This work is licensed under a Creative Commons Attribution 3.0 Unported License.

http://creativecommons.org/licenses/by/3.0/legalcode

Port status update

https://blueprints.launchpad.net/dragonflow/+spec/port-status-update

This blueprint describes how to support port status update for Dragonflow.

Problem Description

Port status update feature will enable synchronization of port status between DF DB and neutron DB.

Currently, There is only port status in DF database being updated after ports are created, leaving corresponding Neutron DB port status unchanged. Because the status of port in neutron remains the same before and after DF DB processed,thus no event is sent to nova.

Proposed Change

Design principle

Each DF ML2 mechanism driver in neutron server subscribe a special topic. Compute nodes publish port status update event to one of the topics. To balance the load, compute nodes select topic randomly. Then each neutron server will process one small portion of the port status update events.

When nova create a VM, it will call neutron API create_port. Local controller on compute node is notified to process the port. When the port is online, it changes DF DB, and publishes event to notify that the port’s status has changed.

DF ML2 mechanism driver will update relative data in neutron DB on receiving message from publisher on the specific topic.

Publisher subscriber pattern

Port status update feature depends on the sub-pub function shown in the following diagram. When there is a port status change, for example, nova create a VM which scheduled to compute A. Publisher A will send event with the topic(port_status_update specific).Once receiving the notification from publisher, the subscriber in server node will invoke callback function, and finally changes port status in neutron DB.

We need to assure that there should be and only be one neutron server to process the event and that all neutron servers will have equal chance to handle the event.

A kind of LB will be introduced. There are several neutron servers(for example,A,B,C,D),each one will subscrie a topic, for example, neutron server A will subscribe to topic A, neutron server B will subscribe to topic B, etc. Each local controller will publish port status event to a topic selected randomly.

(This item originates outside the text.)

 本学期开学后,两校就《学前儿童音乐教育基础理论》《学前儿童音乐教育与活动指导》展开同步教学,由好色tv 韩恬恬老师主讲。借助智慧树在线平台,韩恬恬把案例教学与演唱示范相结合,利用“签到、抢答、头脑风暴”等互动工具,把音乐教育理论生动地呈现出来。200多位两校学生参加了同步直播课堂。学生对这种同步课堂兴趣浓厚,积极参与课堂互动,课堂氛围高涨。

Assuming there are 4 server nodes and 3 compute nodes. Base on the previous description, there are 4 topics, that will be subscribed by 4 neturon servers. Server will update its topic timestamp stored in DF DB which representing it status. If a new server node is added to server cluster, it will add a new topic to DF DB, and next time the compute node might publish event to that topic.

On the other side, all compute nodes will have a random algorithm(the result can not exceed the total number) which will select random topic stored in DF DB to send event of port status update..

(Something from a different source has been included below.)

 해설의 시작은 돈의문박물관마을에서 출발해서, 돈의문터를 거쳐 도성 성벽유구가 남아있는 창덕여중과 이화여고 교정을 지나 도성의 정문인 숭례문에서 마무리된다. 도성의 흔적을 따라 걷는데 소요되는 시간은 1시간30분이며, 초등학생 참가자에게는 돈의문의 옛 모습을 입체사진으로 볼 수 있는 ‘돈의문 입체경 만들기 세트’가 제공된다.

+------------+     +---------+         +----+        +--------------+
| SubscriberA <---   Topic A    <----  |    |   <----+ Publisher X  |
+------------+     +---------+         |    |        +--------------+
                                       | R  |
+------------+     +---------+         | A  |        +--------------+
| SubscriberB <---   Topic B    <----  | D  |   <----+ Publisher Y  |
+------------+     +---------+         | O  |        +--------------+
                                       | M  |
+------------+     +---------+         |    |        +--------------+
| SubscriberC <---   Topic C    <----  |    |   <----+ Publisher Z  |
+------------+     +---------+         +----+        +--------------+
The topic for port status

The special topic defined for port update status event is shared by all tenants.

Pros and Cons

Pros

There are several neutron servers which will process port status events concurrently, so it can alleviate the pressure of each server effectively.

Cons

There is only one thread to process events published by several compute nodes at the same time. Its won’t be a serious problem when there are a few nodes, but we should evaluate the process capability of the server in detail while there are too many compute nodes, especially when all compute nodes are online concurrently.